Kirsher posited the “America First” foreign policy against this tenet, summarizing it in his view as “short-sighted, transactionalist, and narrowly selfish, a perspective that views every interaction with friends and foes alike as a confrontation in which the objective is to extract the largest possible share of the perceived, visible gains achieved by uninhibited recklessness.”
Kirshner compared present U.S. foreign policy to the interwar years between World War I and World War II. Kirshner argued that American isolationism and protectionism contributed to the 1931 financial crises through a seizure of European war debts and the Smoot-Hawley Tariff Act of 1930, which established highly protectionist tariff rates. Following WWI, the U.S. emerged as the dominant power, yet became increasingly isolationist and refused to join the new League of Nations, the precursor to the United Nations. Kirshner argued that the abdication of the U.S. from leadership, combined with global financial strain, helped contribute to the rise of political alternatives to capitalism, including communism and fascism.

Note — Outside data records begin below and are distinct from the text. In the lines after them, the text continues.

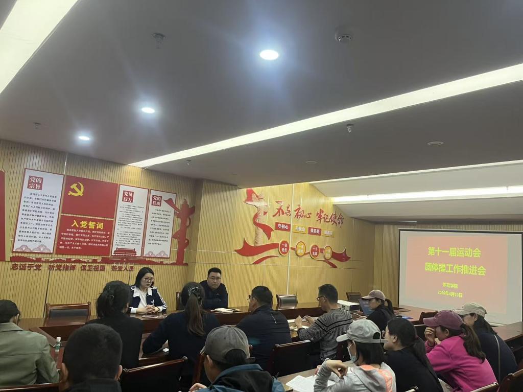 (文/卢佳 图/王保停)4月10日,体育学院在学院107会议室召开第十一届运动会团体操工作推进会,统筹推进各项筹备工作。运动会团体操编导、筹备组负责人参加会议,教学科研副院长王金瑞主持会议并就会议流程、筹备落实提出具体要求。
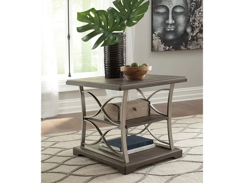 Part cool contemporary. Part richly rustic. The Baymore coffee table serves up a beautiful balance of mixed media style. The table’s plank-effect surfaces with wire brush veneers are treated to a touch of gray for a hint of weathered character. Crafted of aged pewter-tone metal, the double X-brace supports are a unique twist.
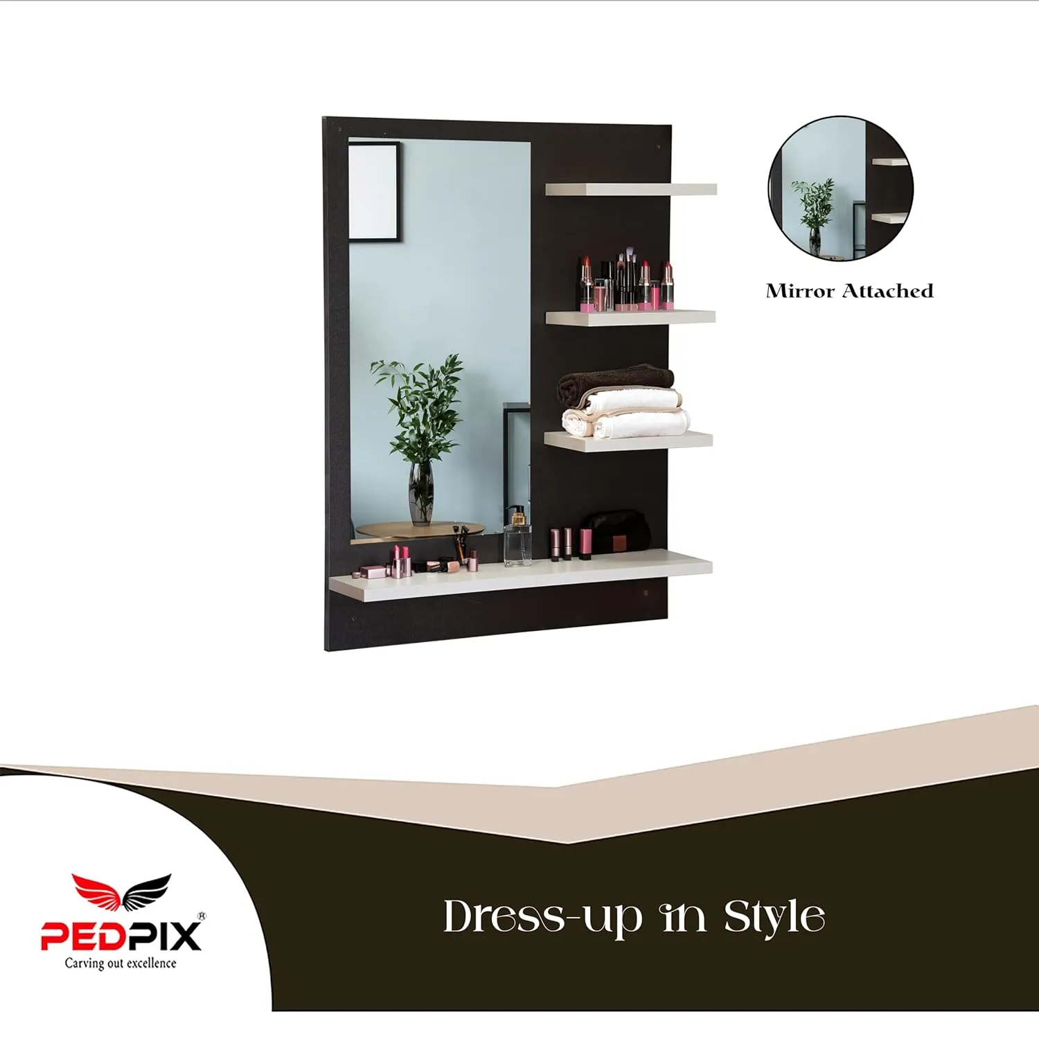 Crafted for durability and daily use, this dressing mirror is ideal for compact spaces where smart storage matters. The sturdy construction ensures stability, while the wall mounted design helps save floor space and keeps the area clutter free.
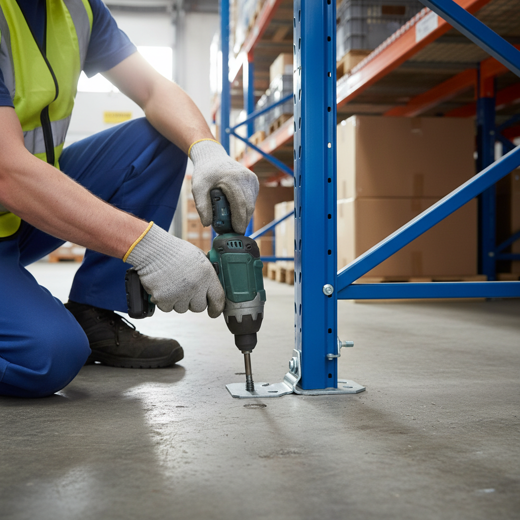 Pack of 4 single steel feet designed to enhance the stability of your industrial shelving units. These heavy-duty feet can be fixed to the floor for increased support and durability.
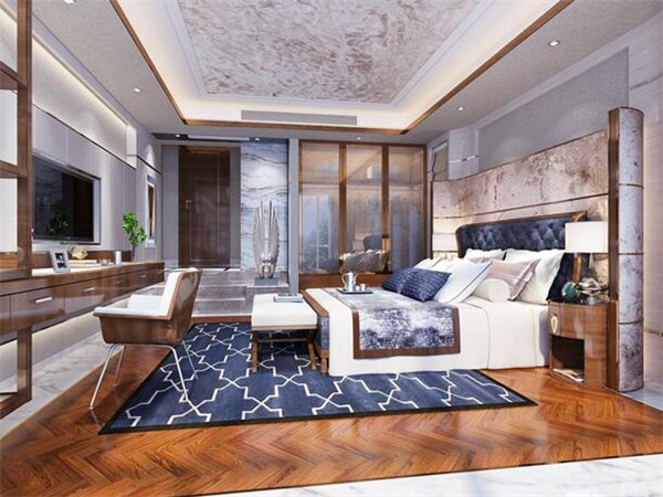 1、一般裝潢豪華臥室,在色彩的選擇上都是比較沉重的,這樣可以體現如金子一樣的厚重感。像淺色系的色調在這里面只會使房間的風格看起來雜亂無章。
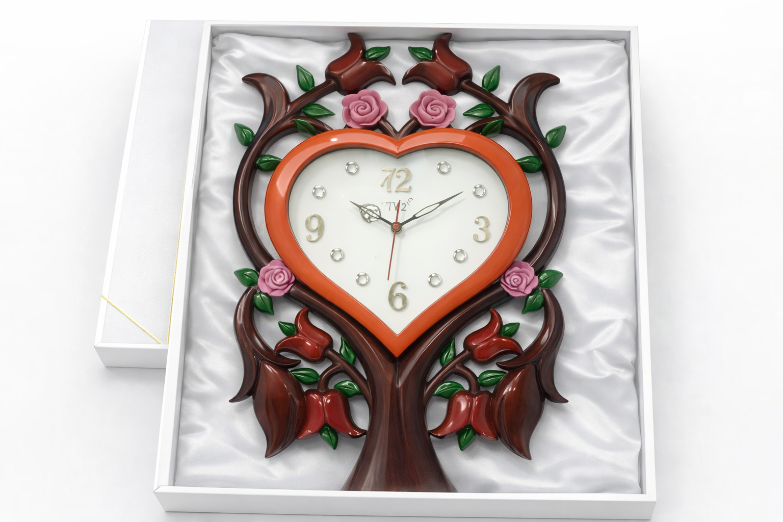 ఈ రొమాంటిక్ హార్ట్ ట్రీ వాల్ క్లాక్ మీ ఇంటికి ప్రేమతో కూడిన అందాన్ని తీసుకువస్తుంది. చెట్టు ఆకారంలో రూపొందించిన డిజైన్ మధ్యలో హార్ట్ షేప్ క్లాక్ ఉండటం ఈ మోడల్కు ప్రత్యేక ఆకర్షణ. పూలు, ఆకులు మరియు బ్రౌన్ ట్రీ ఫినిషింగ్ కలిసిన ఈ డిజైన్ ఎంతో ఆకట్టుకునేలా ఉంటుంది.

Kirschner further denounced U.S. foreign policy in the Western Hemisphere, including the military intervention in Venezuela and particularly its hostility towards Canada, as “geopolitical self-immolation.” This is particularly so “because realists observe and emphasize that one of the most astonishing, unique things about the U.S. experience as a great power, almost unprecedented in its advantage as a great power in human history, has been its uncommonly warm relations with its closest neighbors.”
In response to a question about the origins of the “America First” doctrine, Kirshner pointed to rising populism and to the grievances and political discontent that followed the 2008 Financial Crisis, as well as long-term stagnation in median incomes. However, Kirshner expressed that he does “not find it surprising that U.S. foreign policy changed,” but rather that “it changed in this way.”
Referring to the speech given by Canadian Prime Minister Mark Carney during January’s World Economic Forum Annual Meeting, Kirshner further emphasized the implications of these behaviors as “signaling the broader collapse of U.S. global political influence.”
In regards to American policy in the Middle East under the second Trump Administration, Kirshner cast doubt upon the geopolitical importance of the Middle East for the U.S. However, in reference to the recent heightening of tensions with Iran, Kirshner expressed that “it doesn’t make a lot of sense unless you stop thinking of the United States as a country pursuing a realist vision of the national interest, and start thinking of it as something closer to a personalistic regime whose policies are designed to enrich the royal family and close codier of affiliates,” referencing the Trump and Kushner families’ reported significant personal financial investments in the region.
Kirschner was also bewildered by the American approach to ending the war in Ukraine, which marked its four-year anniversary on Tuesday — in essentially “seeking to end the war on Russia’s terms” and thereby sending potentially dangerous signals to other authoritarian powers about the success of similar interventions.
In regard to the shifts in international expectations and American reputation resulting from the “American First” policy, Kirshner addressed the growing global consensus that the U.S. “is a country that is more radical, that is more dangerous, and that is less predictable in its behavior,” whose “word is meaningless, its values absent, and its interests beyond enriching the royal family are indecipherable.”
Kirshner concluded that “America First” “is pursuing the opposite of realism” and that “in practice, over the long-run, ‘America First’ will likely lead to ‘America alone’ — getting less of what it wants in a more dangerous world.”